Friday, March 02, 2012 02:14 PM

Prince George, B.C. - The College of New Caledonia’s Board of Governors has voted in favour  of raising tuition by 2% for the 2012/13 academic year.
The move is estimated to generate about $100,000 for the college. “It will help somewhat, but we still have a lot of work to do,” CNC President John Bowman said. “A 2% tuition increase will work out to about an additional $5 per course or about $50 per year for full-time students, depending upon their program of studies.”


The college is working to resolve a potential $2.3 million budget shortfall for the 2012/13 fiscal year, due to rising costs and declining income from tuition revenue and status quo government funding, which was outlined in the provincial budget last month.


The preliminary budget decisions recommended to the board include: reallocation of unused budget amounts in a number of areas; inclusion of additional and deferred revenues; non-replacement of some vacant full-time administrative, faculty and staff positions; some consolidation of low enrolment class sections and reductions to low enrolment courses; improved class scheduling; and reductions to expenditures for equipment.

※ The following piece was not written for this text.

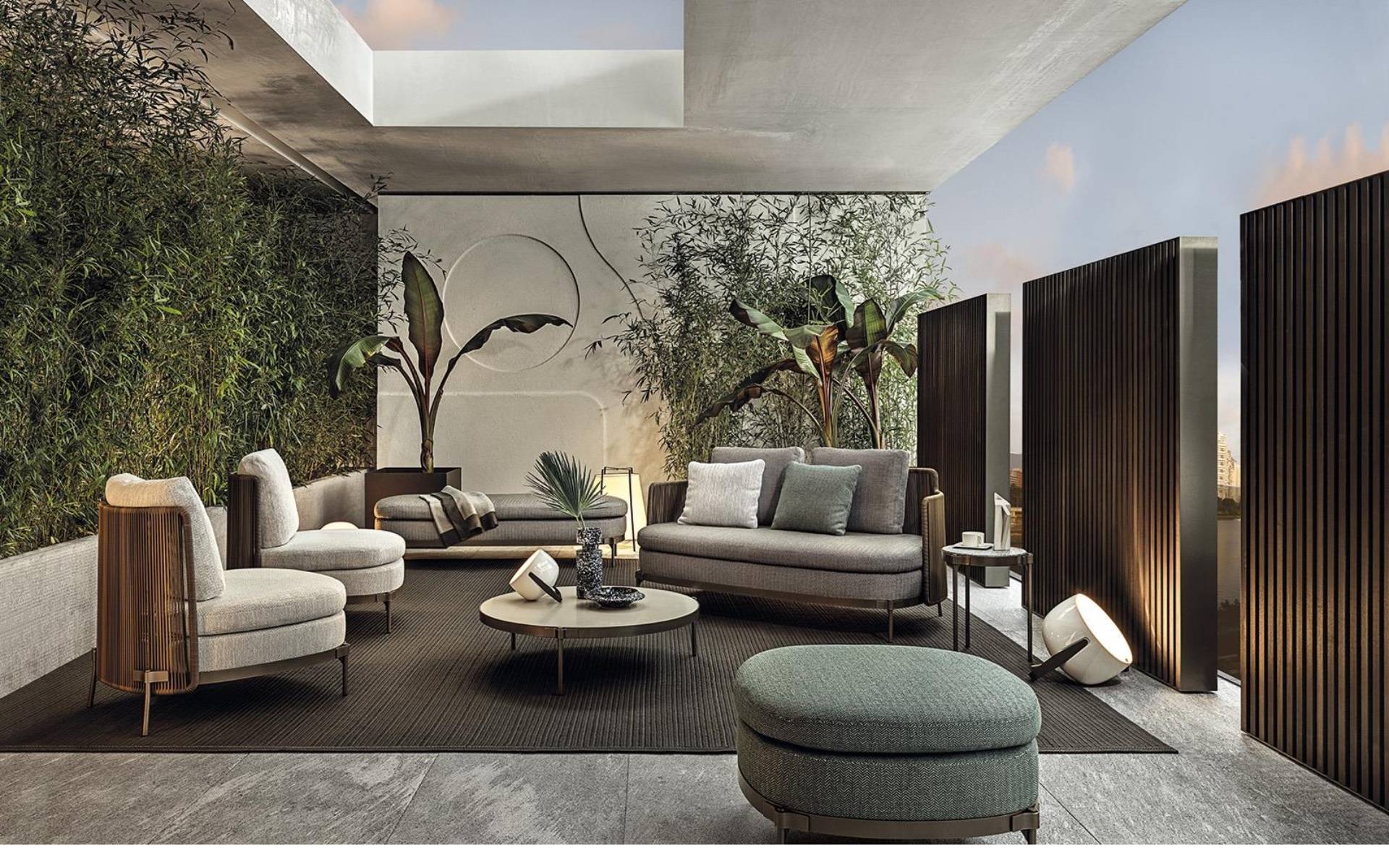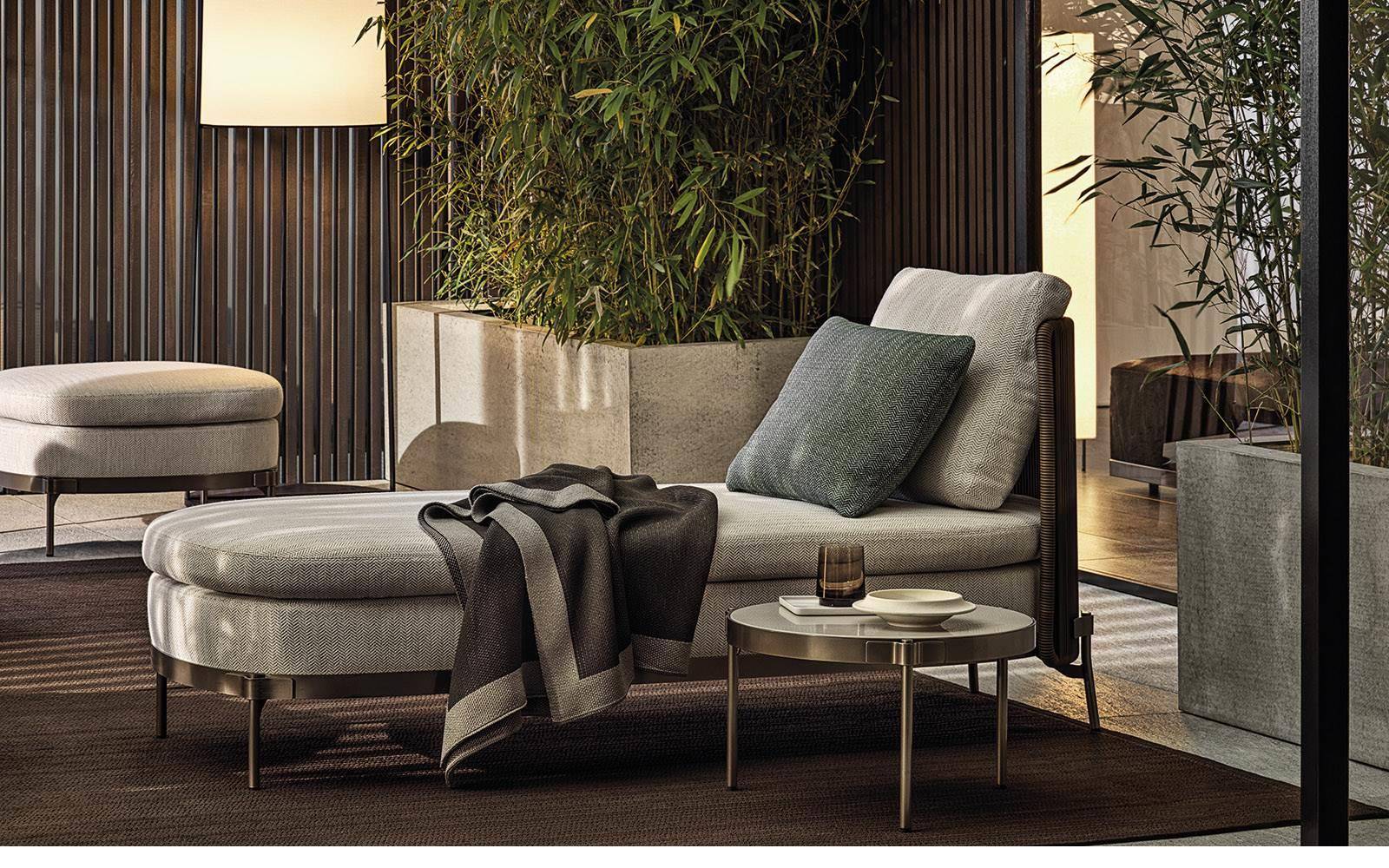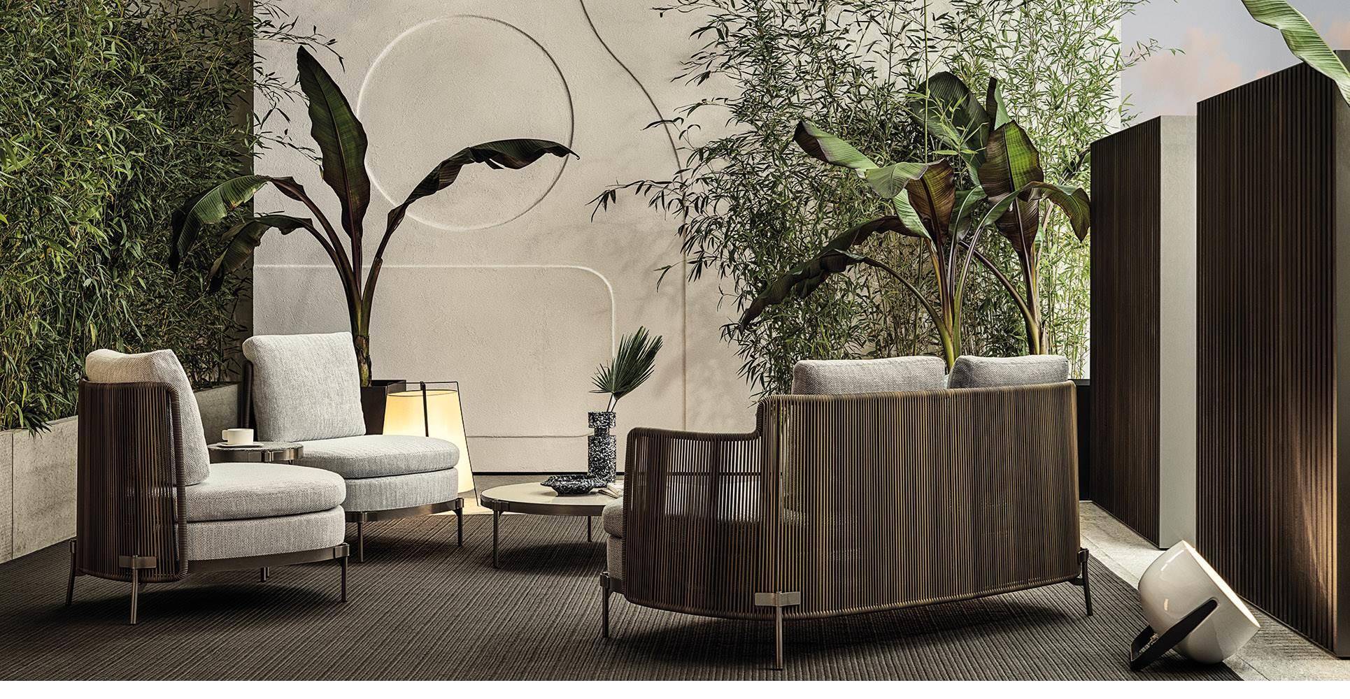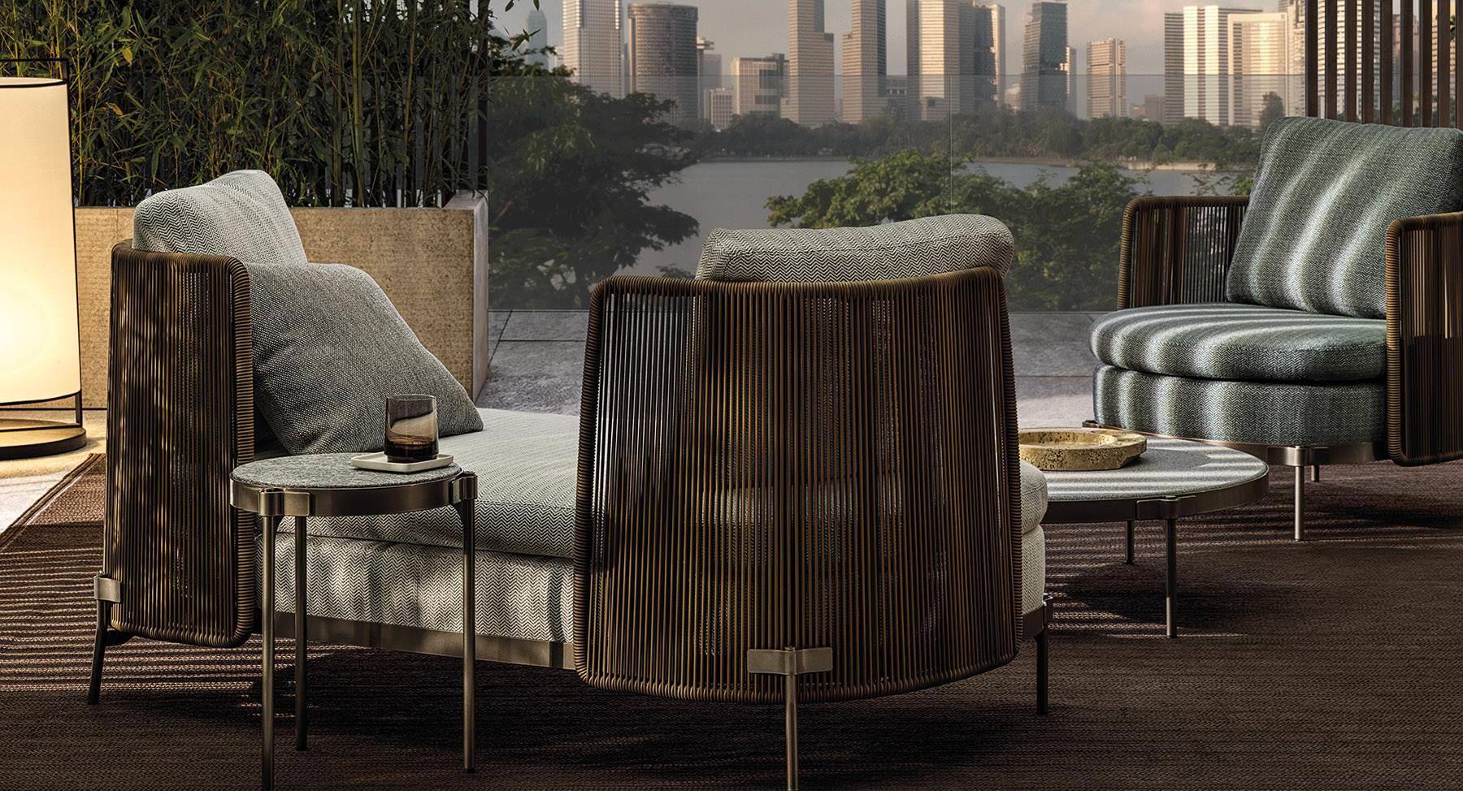 The system offers many elements, ideal for creating relaxation areas also in small outdoor spaces or on urban rooftop terraces: from the armchair to the sofa, from the Paolina chaise longue to the original couch open at the back, from the chair to the coffee tables, up until the stool in two heights of 102 and 115 cm, in the collection from January 2020.

“It’s too early to say if there will actually be layoffs,” Bowman said. “We will be seeking to utilize early retirement and voluntary severance options to mitigate the impact on employees.” No suspensions or cancellations of existing services or educational programs are being proposed. “Overall, the impact to students, programs and services will be minimal,” Bowman said. If layoff notices must be issued to employees, they would be communicated to effected employees by March 31, as required in the college’s collective agreement with the faculty union.


The final college budget is to be submitted for approval at the April 27th regular board meeting.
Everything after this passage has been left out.